Single by Xscape

from the album Traces of My Lipstick
- Released: February 14, 1998
- Recorded: 1997
- Genre: R&B; pop; soul;
- Length: 4:19
- Label: So So Def; Columbia;
- Songwriter: Diane Warren
- Producer: Guy Roche

Xscape singles chronology
| "Am I Dreamin'" (1997) | "The Arms of the One Who Loves You" (1998) | "My Little Secret" (1998) |

= The Arms of the One Who Loves You =

"The Arms of the One Who Loves You" is a 1998 pop ballad by American recording group Xscape. The song was released on February 14, 1998, as the lead single from their third studio album, Traces of My Lipstick (1998). It was later sent to mainstream urban radio stations in the United States on March 31, 1998 and Top 40 on April 7, 1998, and was a hit for the group. The Scott sisters share leads vocals on the song. It peaked at No. 7 on the Billboard Hot 100 chart and No. 4 on the Hot R&B/Hip Hop Songs chart. It sold 800,000 copies, earning a gold certification from the RIAA.

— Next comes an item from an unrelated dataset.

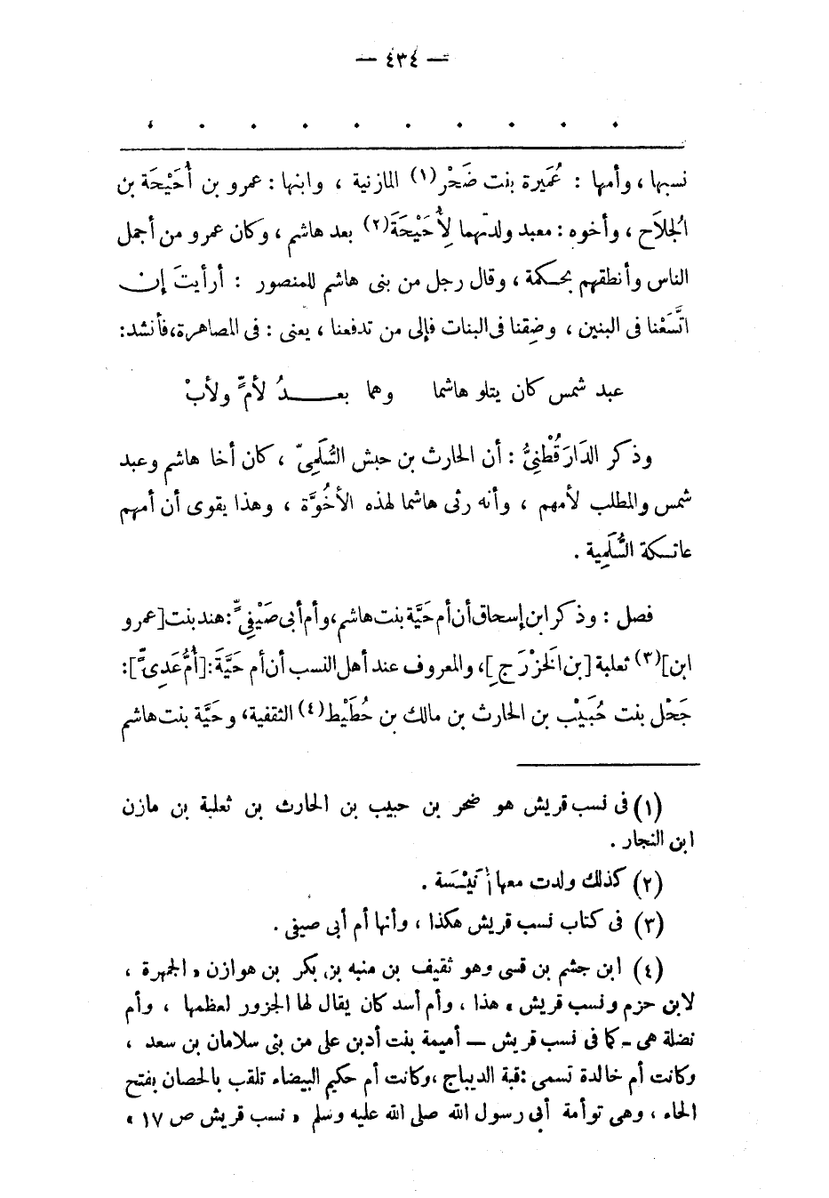 (4) ابن جشم بن قسى وهو ثقيف بن منبه بن بكر بن هوازن «الجمهرة، لابن حزم ونسب قريش» هذا، وأم أسد كان يقال لها الجزور لعظمها، وأم نضلة هى- كما فى نسب قريش- أميمة بنت أد بن على من بنى سلامان بن سعد، وكانت أم خالدة تسمى: قبة الديباج، وكانت أم حكيم البيضاء تلقب بالحصان بفتح الحاء، وهى توأمة أَبِي رَسُولِ اللهِ صَلّى اللهُ عَلَيْهِ وَسَلّمَ «نسب قريش ص 17»

The music video for "The Arms of the One Who Loves You" was made in early February 1998.

The JD's Mood Mix samples Tyrone Davis' "In the Mood". It is an altered version of SWV's "When U Cry" which was recorded in 1997.

==Formats and track listings==
These are the formats and track listings of promo single-releases of "The Arms of the One Who Loves You".
1. "The Arms of the One Who Loves You" (JD's mood mix) – 4:13
2. "The Arms of the One Who Loves You" (JD's mood mix w/out rap) – 4:13
3. "The Arms of the One Who Loves You" (JD's mood mix instrumental) – 4:13
4. "The Arms of the One Who Loves You" (Frankie Knuckles club mix) – 9:05
5. "The Arms of the One Who Loves You" (Frankie Knuckles reprise) – 4:39
6. "The Arms of the One Who Loves You" (Flash Dance AKA club mix) – 4:32

==Charts==

===Weekly charts===

| Chart (1998) | Peak position |
|---|---|
| New Zealand (Recorded Music NZ) | 16 |
| Scotland Singles (OCC) | 87 |
| UK Singles (OCC) | 46 |
| UK Hip Hop/R&B (OCC) | 13 |
| US Billboard Hot 100 | 7 |
| US Hot R&B/Hip-Hop Songs (Billboard) | 4 |
| US Rhythmic Airplay (Billboard) | 21 |

===Year-end charts===

| Chart (1998) | Position |
|---|---|
| US Billboard Hot 100 | 53 |
| US Hot R&B/Hip-Hop Songs (Billboard) | 23 |

==Certifications==

| Region | Certification | Certified units/sales |
| United States (RIAA) | Gold | 500,000^{^} |
^{^} Shipments figures based on certification alone.